Now, Tim Geithner has quite a chorus of mouthpieces in the mainstream media, which long been populated largely by that uncontroversial wing of the Democratic party that has always had problems giving a shit defending the economic interests of people whose party invitations they do not covet or the human rights of poor people who don’t happen to be desperate migrants fleeing the impoverished homeland of the world’s richest man to take the jobs our lazy natives (in their somehow unimpeachable version of events) “refuse to hold”, at least for the going market wage of something considerably less than the officially-posted pay of at least $7.90 an hour an English speaking native is taught to expect for a job skinning cattle hides on 20-second “work cycles” and that sort of thing.
So when I learned the newspaper’s editorials on economics are written mainly by Charles Lane, the former New Republic editor whose character, you’ll recall, was played by Peter Sarsgaard in the movie about Stephen Glass, I chalked the Post‘s above-average enthusiasm with regard to towing the Treasury line to Lane’s established weakness for the tall tales of obsequious fabulists.

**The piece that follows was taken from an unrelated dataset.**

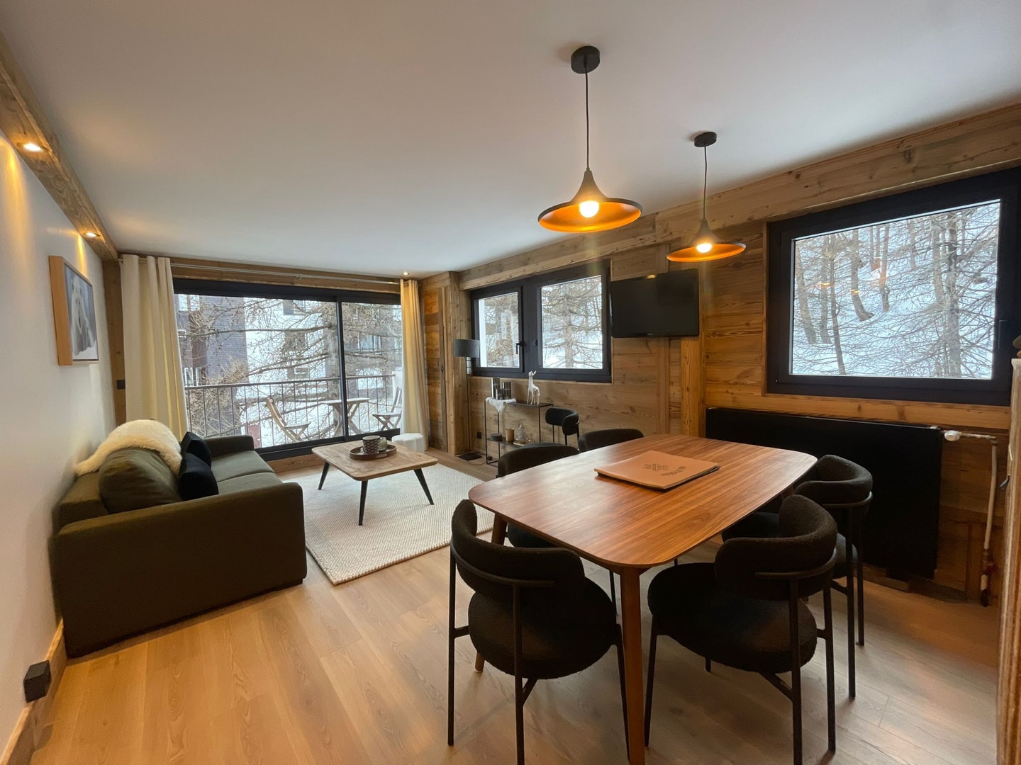 Recently renovated apartment in the heart of Val d'Isère, just minutes from the Bellevarde cable car and Solaise lift. A perfect blend of old and new wood creates a cosy twist on traditional Savoyard style.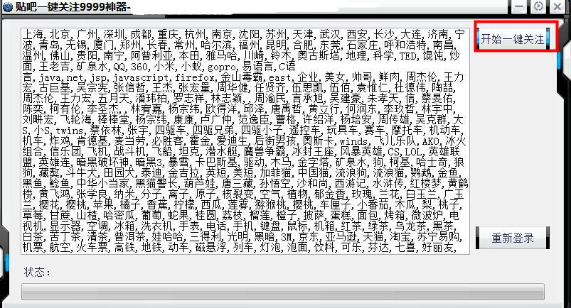 3,登录成功后,开始一键关注,里面的贴吧名字(可以自己添加,以,分割,这里是半角的",")

Then I looked at some of Lane’s entries on the Post‘s “Post Partisan” blog, in which he has lambasted consternation about the prospect of Americans being unable to afford food on the basis of how many fat people we have here; dismissed public outcry over the epidemic of teacher layoffs in cash-strapped states on the grounds that, since unemployment is still much lower among teachers than it is in most non-financial industries, “you could argue that it’s the teachers’ turn to absorb some of the pain that they have been spared to date”; drawn outright preposterous comparisons in posts with no apparent point other than to display his fact-blind loyalty to Larry Summers and Israel; admonished Obama for insufficiently pandering to Glenn Beck and Paul McCartney for cracking a joke about George W. Bush; and called for Congress to lower the minimum wage.
Taken together, Lane’s views seem more like those of one of those just-a-hair-to-the-left-of-Grover Norquist right-wing ideologue whose affiliation I’m more accustomed to associating with words like “Heritage”; “Hoover”; “Freedom” or “Unification Church” than the Washington Post.But it’s been a long time since last I lived here. And while the guys in charge of the nation’s economic policy haven’t changed all that much, the times have certainly become more “churlish.” The combination requires a new era of radical postpartisanship, a cause for which Charles Lane is apparently ready to martyr himself.